Upbeat earnings from companies including chip maker Intel lifted stocks and boosted appetite for riskier assets on Wednesday, driving commodities higher and the Australian dollar to a 29-year high versus the dollar.

The strong showing in this quarterly earnings season so far has helped offset concerns of government debt problems on both sides of the Atlantic after Standard & Poor's on Monday cut the outlook on the United States to negative.

World equities measured by MSCI All-Country World Index

advanced 0.9 percent, extending the previous session's 0.5 percent rise and further recovering from Monday's 1.6 percent loss.

Emerging market stocks climbed 1.6 percent, catching up further with the MSCI All-Country World Index after sharply underperforming the global gauge earlier this year on concerns over high inflation in emerging economies.

While S&P grabbed some headlines earlier in the week, on a future event that may or may not happen, it seems things on the ground are coming up pretty good, said Philip Isherwood, European equities strategist at Evolution Securities.

The economic and corporate message is good. There is nothing to fear but fear itself.
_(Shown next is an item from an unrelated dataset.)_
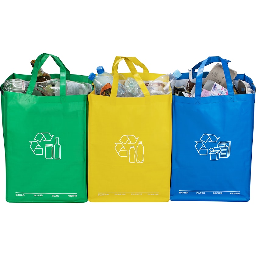 Kolmen muovikassin setti kierrätysmateriaalien järjestämiseen ja säilytykseen. Kassit on valmistettu PP-materiaalista, ja ne on yhdistetty toisiinsa tarranauhalla. Painatushinta koskee yhden kassin painatusta.

Intel posted better-than-expected sales and forecast quarterly revenues well above Wall Street's estimates, while world's biggest cosmetics group L'Oreal and carmaker PSA Peugeot Citroen also came in with robust figures.

Of the 45 S&P 500 companies that have reported first-quarter earnings so far, 79 percent of them have either beaten or met market expectations and the remainder came in below forecasts, data from Thomson Reuters StarMine showed.

The pan-European FTSEurofirst 300 rose 1.2 percent, while Europe's tech stocks put on 2 percent.

In Asia, Japan's Nikkei average rose 1.8 percent to snap a three-day losing run, also boosted by Intel's results.

POSITIVE DISTRACTION

The improvement in sentiment also boosted the euro and high yielding currencies, such as the Australian dollar, which was up 0.7 percent at $1.0599 after hitting a fresh 29-year high of $1.0609.

Investor focus is on the earnings season in the U.S. and this is key in driving growth expectations and pushing stockmarkets higher. This keeps focus away from the euro zone periphery right now, said Manuel Oliveri, currency strategist at UBS in Zurich.

The euro rose 0.6 percent to $1.4422, while the dollar fell 0.4 percent against a basket of currencies.

The soft dollar added to the boost for commodities, with copper up 1.1 percent and Brent crude up 0.5 percent to just below $122 a barrel after dropping 1.7 percent in the previous two sessions.

Gold breached $1,500 an ounce for the first time and silver hit a 31-year high, supported by a weak dollar and concerns over the euro zone sovereign debt crisis.

Spain will issue up to 3.5 billion euros of 10- and 13-year paper later in the day after yields for the euro zone states struggling with high debt surged this week on the back of increasing speculation Greece will move to restructure its debt.

Yields on 10-year Spanish government bonds were steady at 5.507 percent.